■ Exercise
Among the entries below, only the lines from the one with "Halloween Themed Irregular" through the one with "La diputada de" are wanted, reproduced exactly. Pictures are not wanted.

*** Source material Section Begins ***

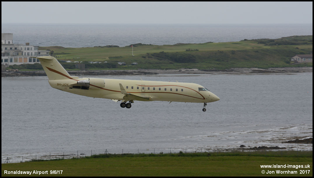 CRJ200 9H-JOY about to land on runway 26 with Derbyhaven Bay as backdrop
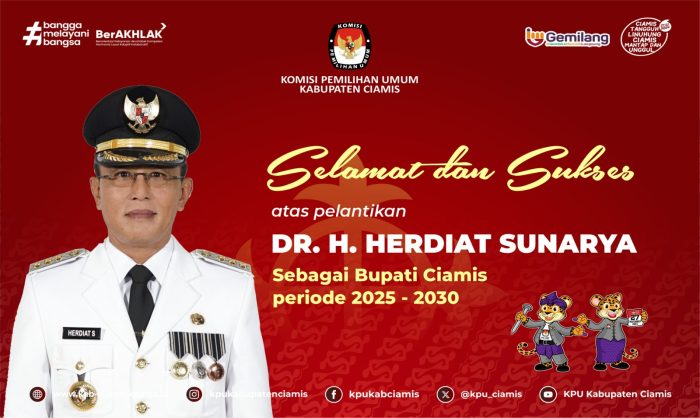 Beranda News DR.Herdiyat Sunarya Dilantik Prabowo Sebagai Bupati Ciamis Bersamaan dengan 960 Kepala Daerah DR.Herdiyat Sunarya Dilantik Prabowo Sebagai Bupati Ciamis Bersamaan dengan 960 Kepala DaerahYanto Supriatna20 Februari 202520 Februari 2025KomentarBagikanXBagikanBupati Ciamis Herdiat Sunarya Dilantik Prabowo, Serentak Bersama 960 Kepala DaerahBaca JugaWali Kota Tasikmalaya Bahas Program Nasional dengan Kemensos, Fokus Putus Rantai Kemiskinan Yanto Supriatna15 April 202615 April 2026Resmi Dibuka! Galeri Investasi Syariah Hadir di LP3I Tasikmalaya, OJK Tekankan Investasi Aman Yanto Supriatna15 April 2026Wali Kota Tasikmalaya Tegas: Parkir Tanpa Karcis Tak Wajib Dibayar Yanto Supriatna14 April 2026Di Tengah Keterbatasan Anggaran, Wali Kota Tasikmalaya Fokus pada Kebutuhan Mendesak Warga Yanto Supriatna13 April 202614 April 2026Aksi Kolaborasi 250 Komunitas, Masjid Agung Tasikmalaya Dibersihkan dengan Teknik Khusus Yanto Supriatna12 April 2026Resmi Dimulai! Jembatan Perintis Garuda di Sungai Ciseel Bakal Ubah Akses Tasikmalaya–Ciamis Yanto Supriatna10 April 202610 April 2026OJK Tasikmalaya Gandeng Penyuluh Agama Ciamis, Perkuat Literasi Keuangan Masyarakat Yanto Supriatna8 April 2026Ijang Hilman Mubarok Siap Maju Ketua KNPI Tasikmalaya, Usung Roadmap Pemuda 2026–2028 Yanto Supriatna7 April 2026Pedagang Cuanki hingga Kupat Tahu Hemat Jutaan Rupiah Berkat Mudik Gratis Pupuk Kujang Yanto Supriatna18 Maret 202619 Maret 2026Ratusan Sineas Tasikmalaya Dalami Peran Artistik, Ferdiansyah Dorong Kualitas Perfilman Daerah Yanto Supriatna7 Maret 20267 April 2026TNI dan Bikers Advocate Tasikmalaya Berbagi 1.000 Takjil, Perkuat Silaturahmi di Bulan Ramadhan Yanto Supriatna28 Februari 20262 Maret 2026OJK dan TPAKD Sumedang Perkuat Akses Keuangan Inklusif Berkelanjutan di 2026 Yanto Supriatna4 Februari 20265 Februari 2026
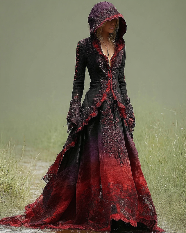 Halloween Themed Irregular Gradient Lace Patchwork Hooded Dress dc91
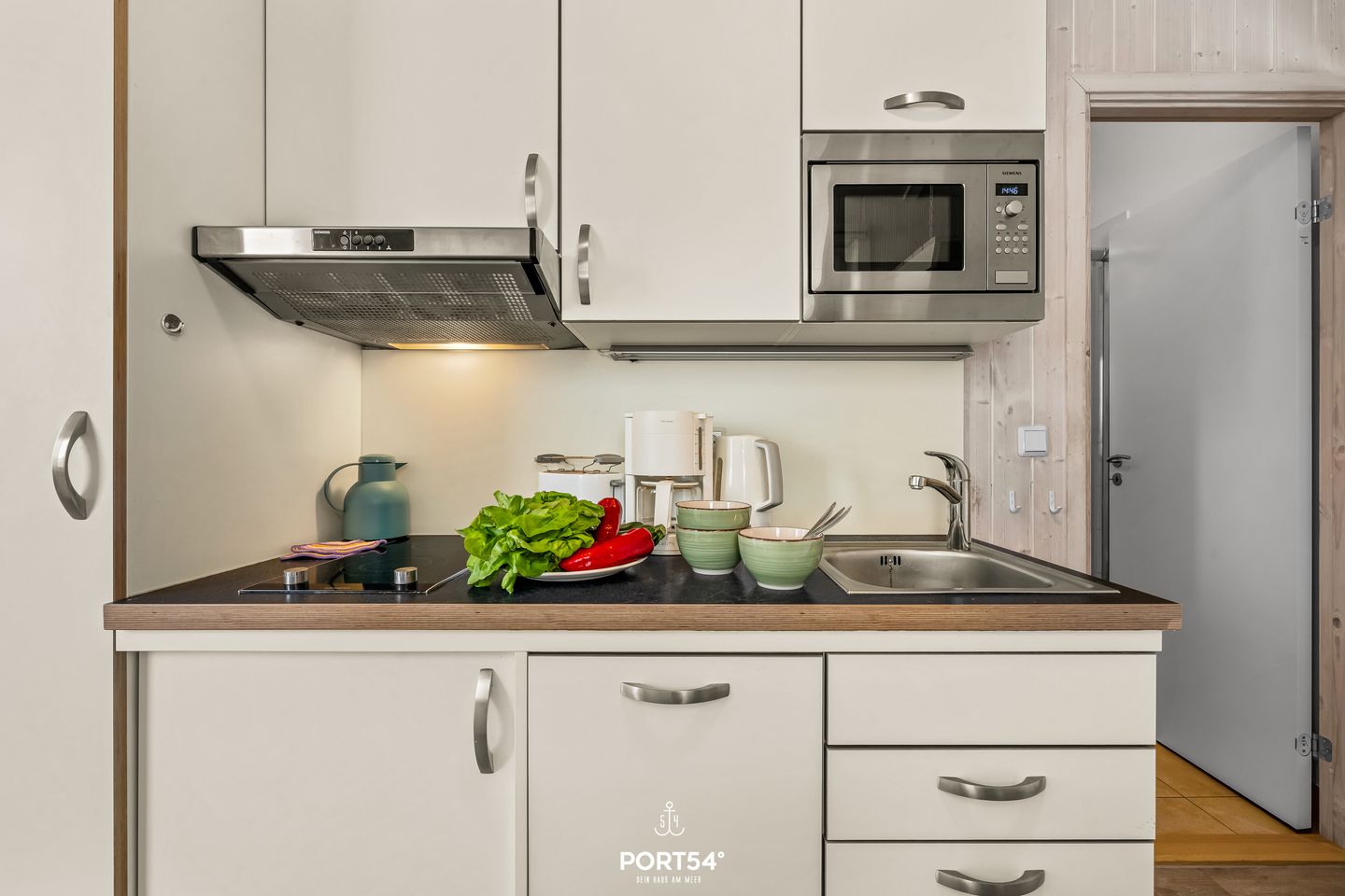 Die angrenzende, kompakte Küche ist bestens ausgestattet und bietet alles, was du brauchst, um gemeinsam zu kochen und kulinarische Genüsse zu zaubern. Der kleine, gemütliche Essbereich lädt zu genussvollen Mahlzeiten und langen Gesprächen ein – ein perfekter Ort, um den Tag Revue passieren zu lassen. Die Küche ist ausgestattet mit 2-Platten-Cerankochfeld, Kühlschrank mit Gefrierfach, Mikrowelle und Kaffeemaschine.
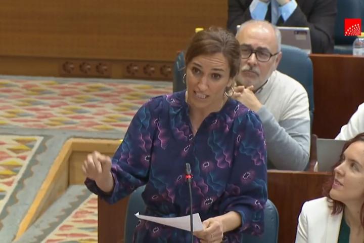 La diputada de Más Madrid ha reprochado a Ayuso que “llamen vagos a quienes reciben una ayuda para comer carne o pescado una vez a la semana” y, mientras tanto, ensalzan “a aquellos que van del carrito de golf al palco, del palco al Lamborghini”.
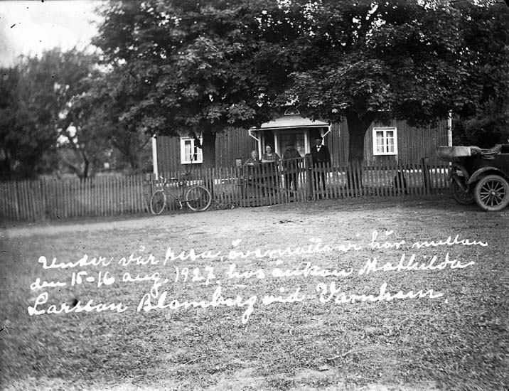 Enligt text på fotot: "Under vår resa övernatta vi här mellan den 15-16 aug. 1927 hos änkan Mathilda Larsson, Blomberg vid Varnhem".
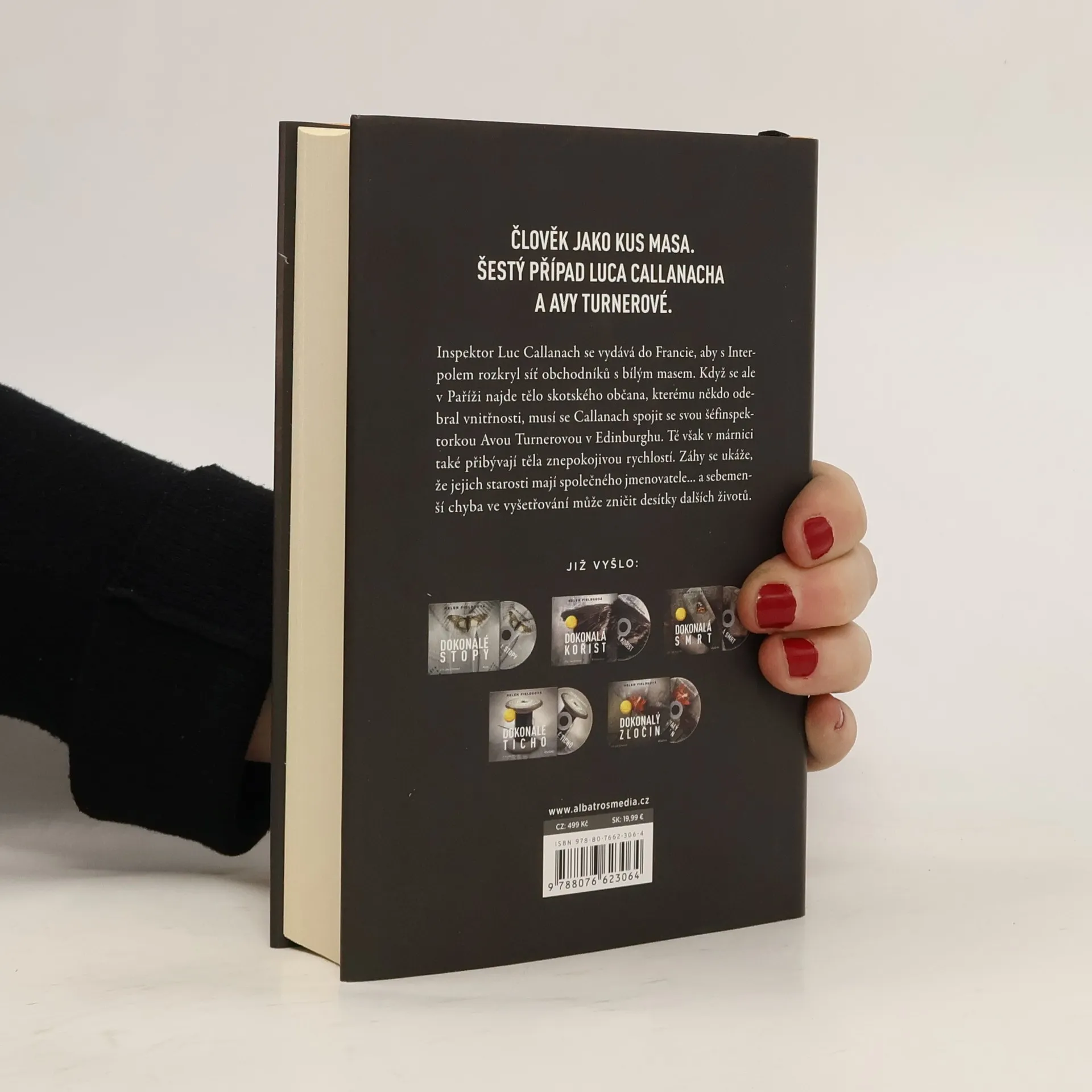 Člověk jako kus masa. Šestý případ Luca Callanacha a Avy Turnerové. Inspektor Luc Callanach se vydává do Francie, aby s Interpolem rozkryl síť obchodníků s bílým masem. Když se ale v Paříži najde tělo skotského občana, kterému někdo odebral vnitřnosti, musí se Callanach spojit se svou šéfinspektorkou Avou Turnerovou v Edinburghu. Té však v márnici také přibývají těla znepokojivou rychlostí. Záhy se ukáže, že jejich starosti mají společného jmenovatele… a sebemenší chyba ve vyšetřování může zničit desítky dalších životů. „Dokonalá tma je dalším napínavým thrillerem z pera vynikající autorky. Tento nefalšovaně temný i dojímavý příběh nebudete moct odložit.“ Isabel Ashdown, bestsellerová autorka thrillerů Little Sister a Beautiful Liars „U čtení Dokonalé tmy ani nedýcháte. Tento podmanivý a odvážný díl nemá žádná hluchá místa, je výborně promyšlený a spočívá na silných faktografických základech.“ Essie Fox, autorka románů The Last Days of Leda Grey, The Goddess of the Thief
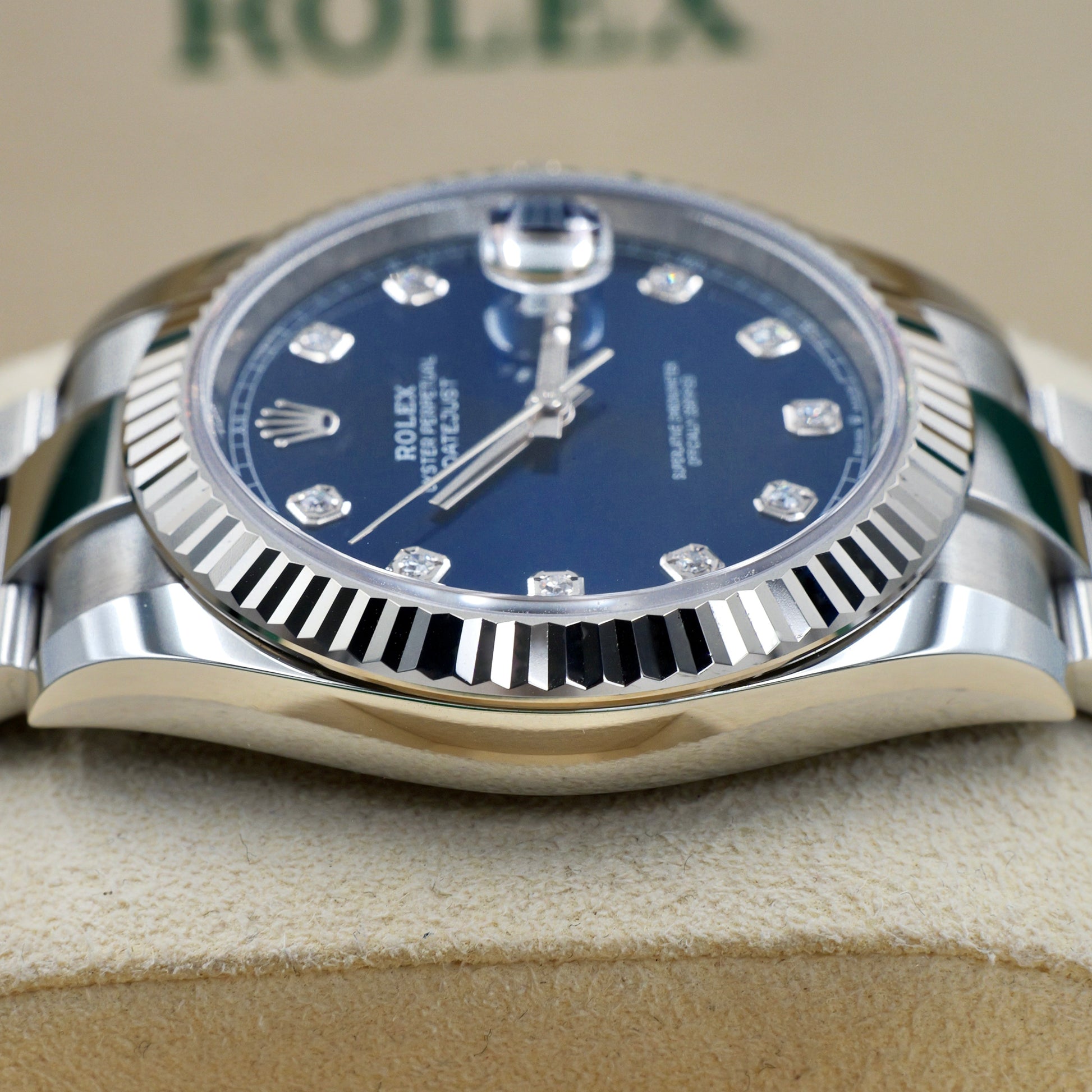 The Rolex Datejust 41 with a blue diamond dial is an exquisite expression of timeless elegance. Its 41mm Oystersteel case, paired with a fluted or smooth bezel, offers a refined and versatile profile, perfect for any occasion.
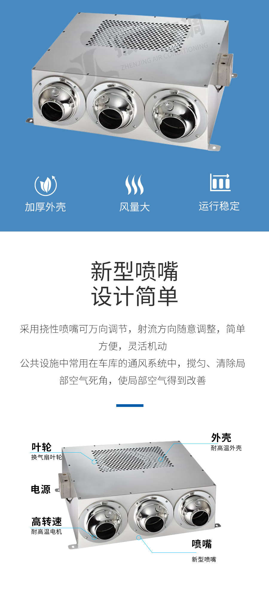 誘導風機特點:噪聲低、體積小、重量輕、臥式安裝、調節靈活、回轉角大、可適應多和環境安裝,外形美觀大方 。應用:地下停車場、體育館、車間、倉庫、商場、超市、娛樂場所等大面積場合的誘導通風。
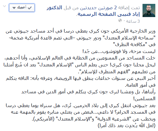 فيما علق، الداعية الأردني، إياد قنيبي، بقوله ” ليست مزحة، ولا فوتوشوب…عن جَد!”، ..وزير الخارجية الأمريكي جون كيري يعطي درسًا في أحد مساجد جيبوتي عن “سماحة الإسلام المعتدل” ودور جيبوتي- التي تضم قاعدة أمريكية ضخمة- في “مكافحة التطرف.
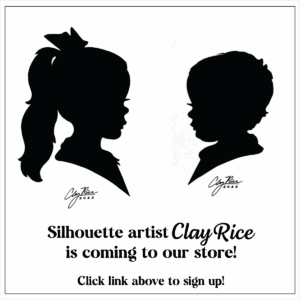 Mark your calendar! Renowned Silhouette Artist Clay Rice is coming to Smart Toys and Books. Don’t miss this unique opportunity. He only comes twice a year! Click the link to sign up. Spots will fill up quickly!
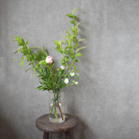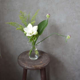 春らしい色味のお花の中にマゼンダピンクの木蓮やグリーンの粟をアクセントに、アンティークな雰囲気にも合うようにアレンジしました。
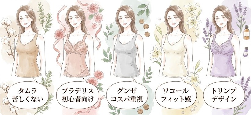 補正ブラキャミは万能に見えますが、悩みによっては別の補正インナーのほうが合うこともあります。
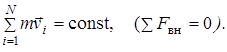 где m 1 и m 2 – массы взаимодействующих тел; r – расстояние между телами (тела – материальные точки или сферы). Силу можно выразить и через напряженность G гравитационного поля F = mG; г) сила тяжести F = mg, где g – ускорение свободного падения; д) сила трения скольжения F тр = m N, где m - коэффициент трения; N – сила нормальной реакции опоры. 22. Закон сохранения импульса
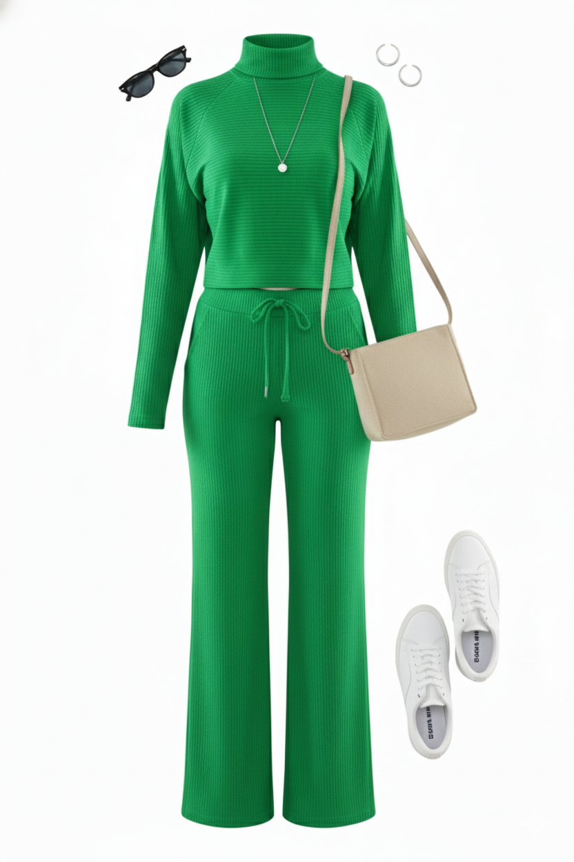 Conjunto cómodo con cuello tortuga que estiliza con textura sutil y corte relajado
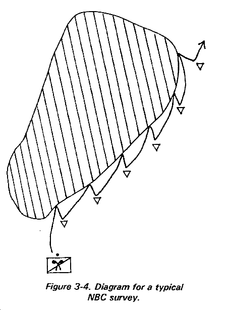 An NBC survey is a directed effort to obtain detailed information concerning a contaminated area. The extent of the contamination is determined and marked. This is a resource intensive operation typically conducted in rear areas to prevent units from unknowingly entering the contaminated area.
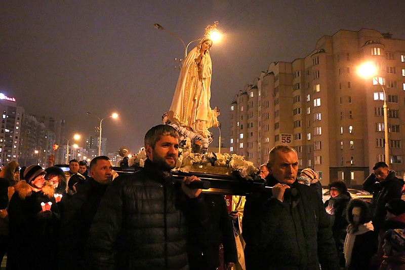 З нагоды 100-годдзя фацімскіх аб’яўленняў у Беларусі адбываецца перэгрынацыя фігуры Маці Божай Фацімскай. Увечары 23-га студзеня фігура Маці Божай завітала ў нашу парафію.
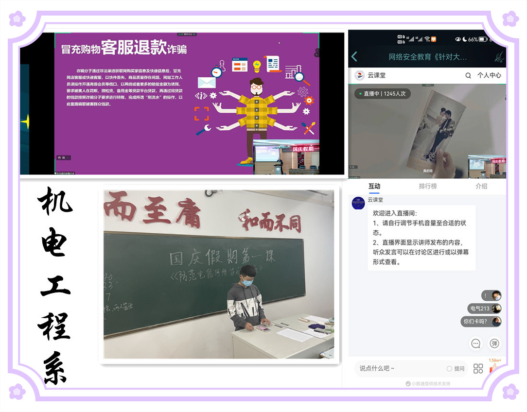 为了加强校园安全,提高学生的安全意识,预防校园网络诈骗,努力营造积极向上、健康和谐的校园环境。10月6日,学生发展中心在图书馆601举办“防网络诈骗”教育活动讲座。线下46名学生代表现场聆听讲座,其余2021级学生在线上观看讲座直播。

*** Source material Section Ends ***

■ Output of the exercise
 Halloween Themed Irregular Gradient Lace Patchwork Hooded Dress dc91
 Die angrenzende, kompakte Küche ist bestens ausgestattet und bietet alles, was du brauchst, um gemeinsam zu kochen und kulinarische Genüsse zu zaubern. Der kleine, gemütliche Essbereich lädt zu genussvollen Mahlzeiten und langen Gesprächen ein – ein perfekter Ort, um den Tag Revue passieren zu lassen. Die Küche ist ausgestattet mit 2-Platten-Cerankochfeld, Kühlschrank mit Gefrierfach, Mikrowelle und Kaffeemaschine.
 La diputada de Más Madrid ha reprochado a Ayuso que “llamen vagos a quienes reciben una ayuda para comer carne o pescado una vez a la semana” y, mientras tanto, ensalzan “a aquellos que van del carrito de golf al palco, del palco al Lamborghini”.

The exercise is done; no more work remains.